QUOTE (Max & Rocky @ Jul 13 2009, 09:02 PM) index.php?act=findpost&pid=804787


> Thank you very much everyone for your wonderful words of support and all your prayers. It means a lot to both Peg and I.
> 
> Not much news to report, I am afraid. We do have an appointment though tomorrow with a specialist so hopeful that is at
> least a beginning of us being able to do something about this.
> 
> Peg was joking a little while ago that she and North Korean leader Kim Jong-il both have the same disease... :shocked:
> I'm sort of the king of inappropriate jokes so I guess some of my "talent" has rubbed off on her...
> 
> She was pretty upset this weekend, as you might imagine. It was made worse because until Saturday she was flying up
> to Seattle where her daughter and son in law just moved to. John is an eye surgeon and this is his first practice. She was
> with them last month in Disney Land for a few day vacation, but since this home they moved into is their first ever home
> and Caity is expecting a little girl this fall, which will be her first grand daughter and she had hoped to help decorate a
> nursery for her, all of this just made it all that much worse.[/B]


Steve
Thanks for updating us. Am hoping the news you sent about Peg's daughter will give her even more strength to fight this disease and get up to Seattle and see her granddaughter born and more. From your past posts I know that sense of humor will also be the best medicine to help her face anything. We're all here for you both and working overtime on thoughts and prayers. Know how loved you are and tell Peg to make that dictator look like a girlie man :grouphug:


----------



## lovesophie

I'm so sorry to hear about this. :bysmilie: I hope Peg's appointment tomorrow goes well. I'll be thinking of you both. :grouphug:


----------



## samsonsmom

I just found this thread.

So sorry to hear about Peg's illness. Prayers and well wishes going up for her now and we will conitnue to send them. Try to stay positive. 

Samsonsmom


----------



## mpappie

rayer: Prayers for both of you.


----------



## llf060787

rayer: rayer: rayer: rayer: rayer:


----------



## 2maltese4me

So sorry to hear the sad news. :bysmilie: Sending positive thoughts for Peggy.


----------



## Max & Rocky

Peg and I had a doctors appointment this morning with a gastroenterologist. Peg just copied me on an email she sent out to everyone, so I will pass it on here too.
======================
Hello Dear Friends,
I feel a little silly sending out information about my doctor visits now....but I know that I haven't spoken to you recently, only because I've not had any new information to share. I went to see a gastroenterologist this morning.

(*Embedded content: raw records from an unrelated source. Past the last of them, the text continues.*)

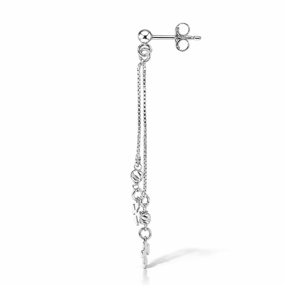 Boucles d'oreilles pendantes en argent 925 rhodié composées de 2 trèfles porte bonheur dont le plus grand mesure 7mm de large, 2 boules d'argent ciselées de 3mm de diamètre et 2 chaînettes maille vénitienne de 0,7mm de large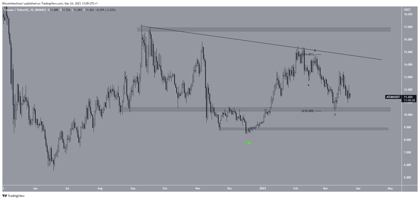 Giá ATOM đã giảm xuống dưới đường kháng cự giảm dần kể từ tháng 9/2022. Gần đây hơn, đường kháng cự này đã từ chối ATOM vào ngày 04/2/2023. Sau đó, giá đã hoàn thành cấu trúc điều chỉnh ABC. Sau khi bật lên ở vùng hỗ trợ ngang 10.30 USD, ATOM đã bắt đầu một chuyển động đi lên khác.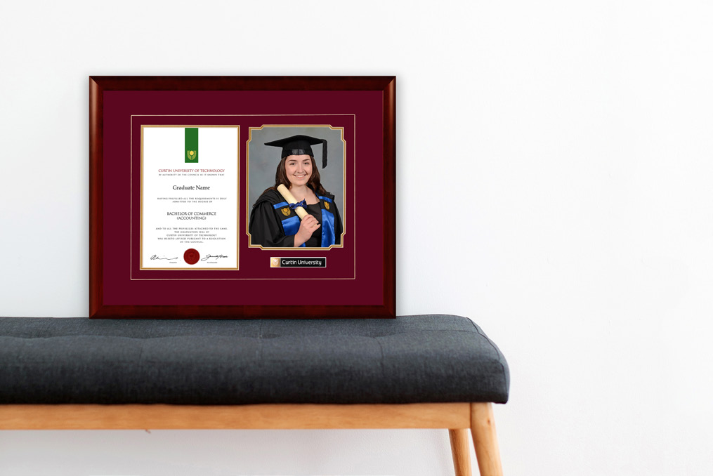 Made in Australia using archival quality materials, this workmanship guarantees your hard-earned certificate is protected for years to come. A range of frame styles and mats have been chosen to be a perfect match for either the traditional or contemporary space. Mats are embossed with the University insignia creating a sophisticated backdrop for a very important document.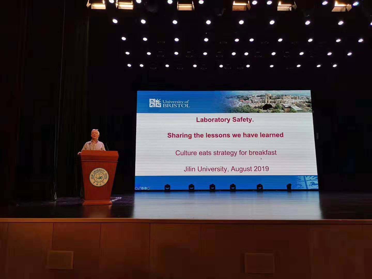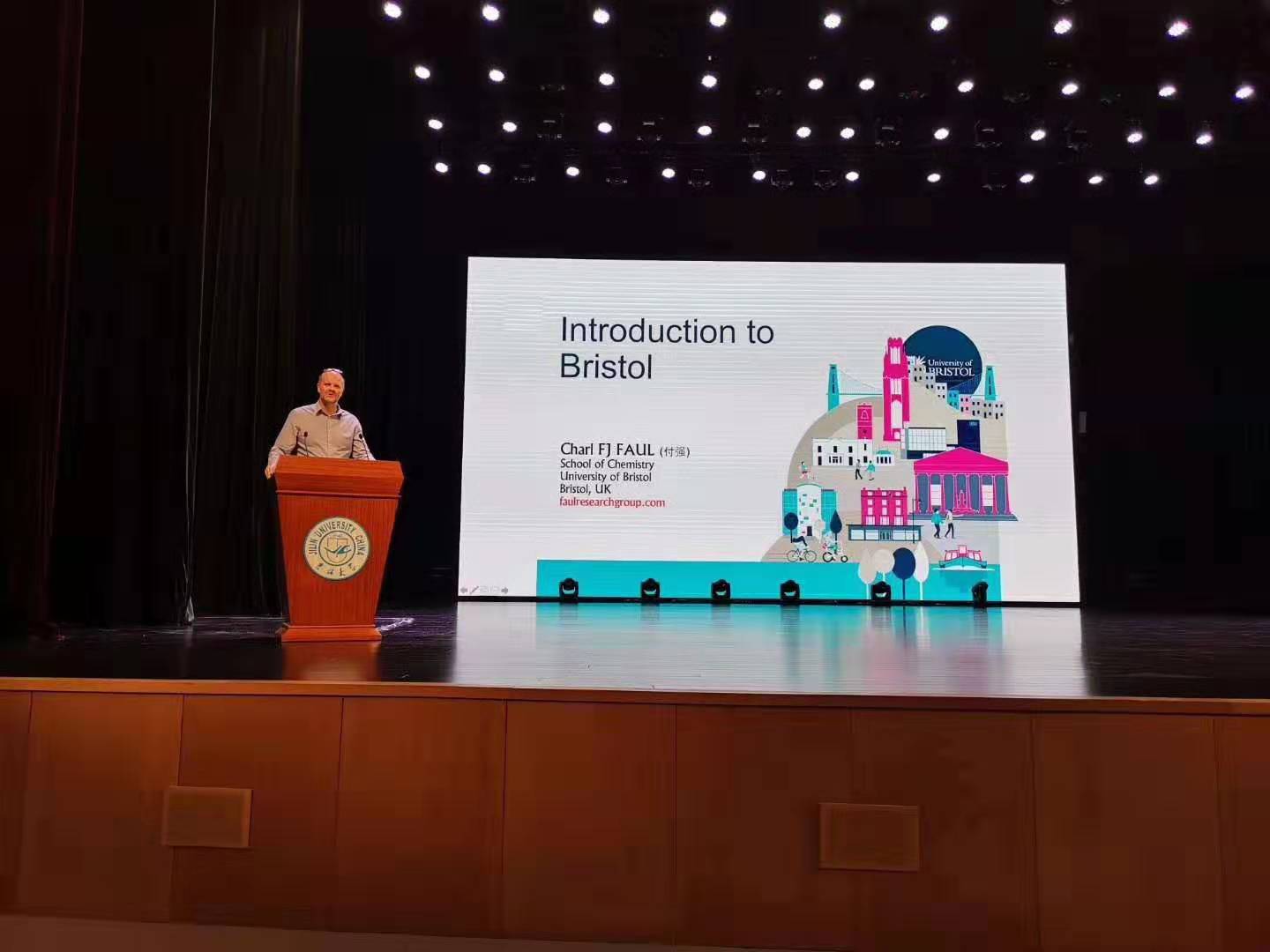 首先,Charl Faul教授通过丰富多彩的PPT和视频带领全体参会师生畅游了美丽的英国布里斯托市和布里斯托大学;随后,Tim Gallagher教授做了题为《Laboratory Safety. Sharing the lessons we have learned. Culture eats strategy for breakfast》的报告,结合自己从事科研、指导学生、管理实验室等经历,深入浅出地阐述了“实验安全的黄金法则”“为什么要做实验风险评估”“如何做实验风险评估”和“做实验风险评估的重要性”等;最后,Tim Gallagher教授和Charl Faul教授同与会学生进行深入的互动和交流,详细地解答了学生们在走入实验室前面临的各种困惑。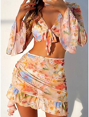 Maillot de bain bikini avec jupe pour femmes dos nu vacances plage graphique floral col en V manches longues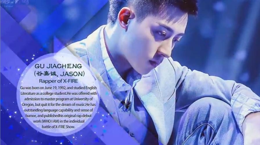 谷嘉诚:X-FIRE门面与RAP担当,金句王。1992年6月19日出生于云南昆明。带着“换一条路走走”的冒险精神,他放弃了美国名校的研究生录取,踏上了音乐与舞台之路。英语专业出身的他,有着极强的语言天赋和幽默感,在赛时的RAP担当对抗中,发布了自己的首曲RAP原创作品《WHO I AM》,广受好评。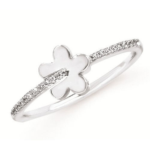 Sterling Silver .08 cttw Diamond and Flower Ring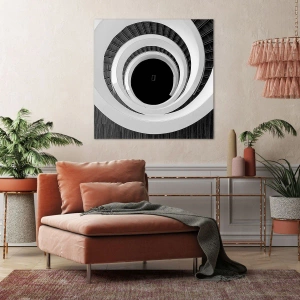 Tablou pe pânză Canvas - Scară în spirală alb-negru în stil modern - 70x50cm - Până la miez - Decorațiune modernă pentru perete pentru living și dormitor ARTTOR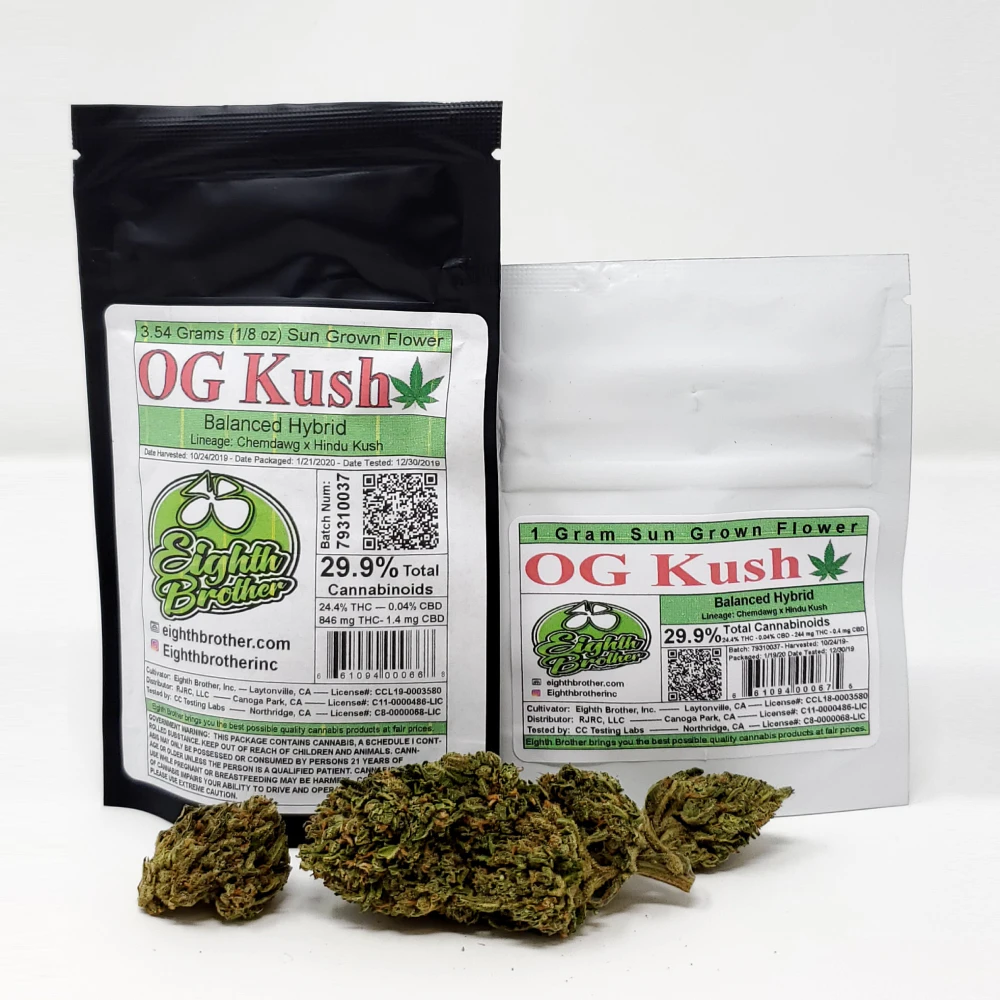 Each carefully cultivated batch of Eighth Bros OG Kush maintains the highest standards of quality, featuring dense, crystal-covered buds that showcase the strain's classic characteristics. Users can expect a complex aroma combining earthy pine notes with bright citrus undertones, creating an unmistakable sensory experience.
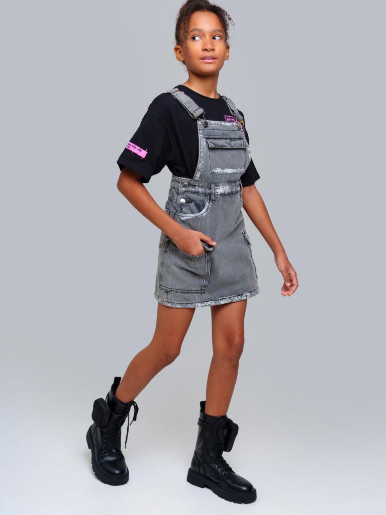 Джинсовый сарафан для девочки подростка. Джинсовый сарафан из эластичного денима. Посадка regular fit – классический крой. Регулируемые по длине лямки. Пояс на резинке с утяжкой, застежка на кнопки. Функциональные карманы. Модель выполнена из качественного и плотного текстиля.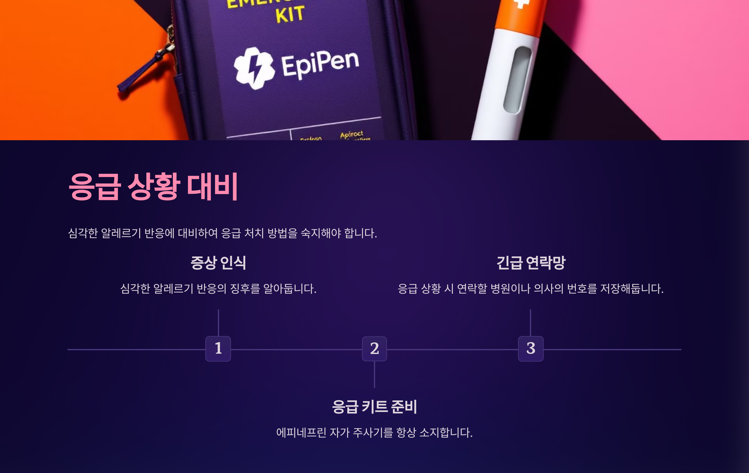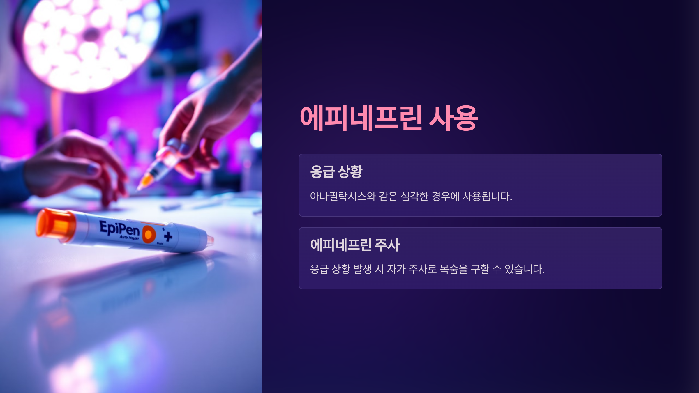 - 에피네프린 주사(EpiPen): 아나필락시스 반응이 있는 환자들은 주사기를 미리 처방받아 소지하고 다니며, 응급 상황 발생 시 자가 주사를 통해 목숨을 구할 수 있습니다.

He was very "engineer-like" as Steve described him, which immediately endeared him to Steve, and he had some interesting insights. He hinted that all of the reports are not quite adding up to cancer, but that some bits here and there do. So, I go back for more blood testing tomorrow morning and an endoscopic ultrasound. That is a scope that goes down my throat to my stomach and pokes around the liver, pancreas and gall bladder to see what is happening without needing to open my up. The ultrasound hopefully happens soon, but I have to wait until the gastroenterologist here in Scottsdale sends the file info to the next gastroenterologist in Mesa who will do the procedure. Hopefully that office will call me later today to set that up. I also made an appointment with a surgeon in case the endoscopy shows a cancer mass. Caity has an old friend from Xavier who is doing her surgical fellowship at Good Sam in Phoenix and she highly recommended a Surgeon she knew to be the best in this field. For the last 25 years, he has done 3 pancreatic surgeries a week. He is "the most aggressive with regards to pancreatic cancer unless you go to MD Anderson (?) in Texas. He has great bedside manner and is a fantastic surgeon." According to Jyoti (her name) So....the team is in place. Steve and I left the doctors office cautiously optimistic this morning, but since we have been on a violent rollercoaster the last few days, we are taking a wait and see zen-like prayerful attitude. 
I cannot express accurately or with enough gratitude how much your prayers, care and concern mean to me. Even when I get really bad news that knocks me back down, I still feel elevated by your loving spirit. 
I will keep you posted. 
XXXXX
Peg


----------



## Cosy

This sounds much better and I will keep Peg and all the doctors concerned in my prayers.


----------



## joyomom

Bless you both and we will keep these prayers, positive energy and healing coming to you, dear Peg!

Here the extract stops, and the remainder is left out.